Submitting:

  • All homeworks should be turned in electronically to myCourses.
  • Paper submissions may be scanned in if legible.
  • If you take a photo of your paper solution, please take the photo outside or close to a bright window, for legibility.

Due dates:

  • Homeworks are due by 10pm on the due date (Thu).
  • No late submissions are accepted.
  • If there are extenuating circumstances, contact the instructor as soon as possible to make arrangements.

References:

  • If you find a resource helpful (from internet search, blog post, Stack Overflow, online courses, our lecture notes, etc), be sure to cite it. Citation format doesn’t matter, but make it easy for the TA to find the source: e.g., a clickable link.
  • Code / pseudocode should be your own work.
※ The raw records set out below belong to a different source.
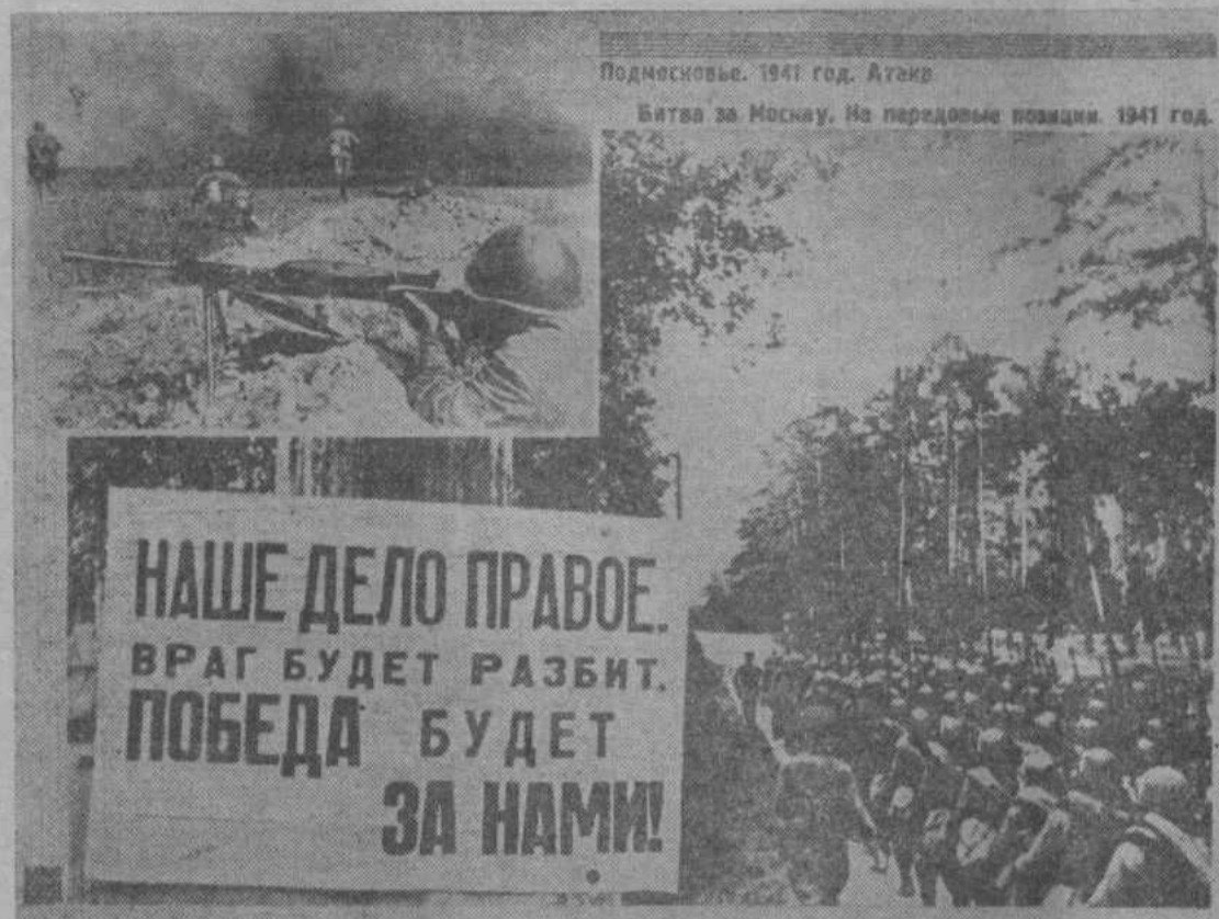
Подмосковье. 1941 год. Атак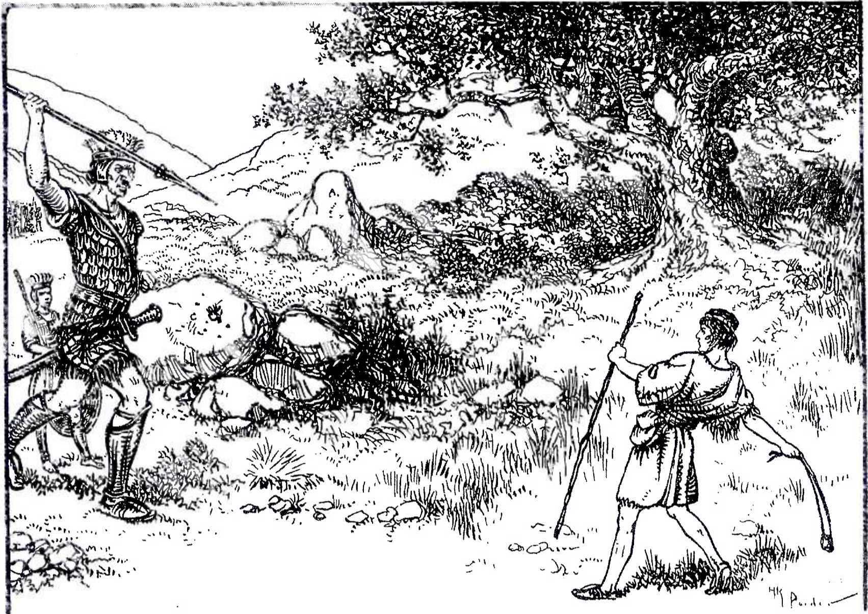
David en Goliath.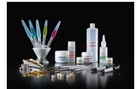
Dentalprodukte Dental products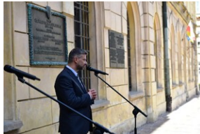
Uroczystość upamiętniająca działaczy WiN i PSL skazanych w procesie krakowskim.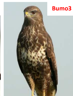
Banda chiara sul petto divide collo e ventre scuri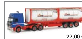
154864 | MB SK Container-Szg „Riwatrans“ 22,00 €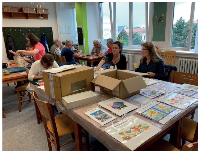
Výtvarka – výroba tašek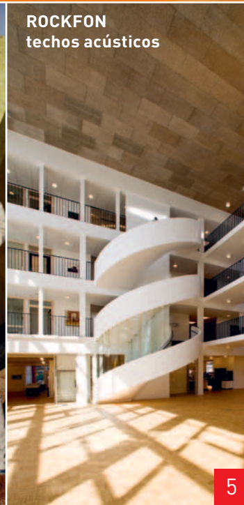
ROCKFON techos acústicos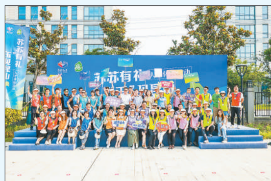
“玉”见昆山人才体验活动

If you find code online, understand how it works, then go write up your solution on your own.
  • The basic machine model was discussed in Lecture 1. Don’t use library functions which obviate the bulk of a question. E.g., if you’re asked to implement a sort, don’t use Python’s sorted().

Programming assignments:

  • Please submit all your code, either separately uploaded or in a ZIP (or tar) file. Up to 20 files (20MB total) may be uploaded to myCourses.
  • Make it easy for the TA to recompile and run it if needed.
  • Include a short, informal write-up describing your code. Make it easy for the TA to understand your code.
  • Include extensive test cases (valid and invalid input, simple and complex) demonstrating each aspect of your code. Document the purpose of each test case, and include a demo with actual output.
  • You are encouraged but not required to use revision control like Git and Github.

HW7 (40pts) (solutions)

  1. (20 pts) Choose one of the textbook problems #15-1 to #15-12 (p.406-412).
    Some of them, e.g., 15-2 and 15-5, may benefit from reading section 15.4. Others, e.g., 15-1 and 15-7, may benefit from ch22.
    Code your own implementation to solve the problem using dynamic programming (bottom-up).
    All policies for programming projects apply. User interface is your choice and can be rudimentary. Be sure to answer any questions given in the problem statement.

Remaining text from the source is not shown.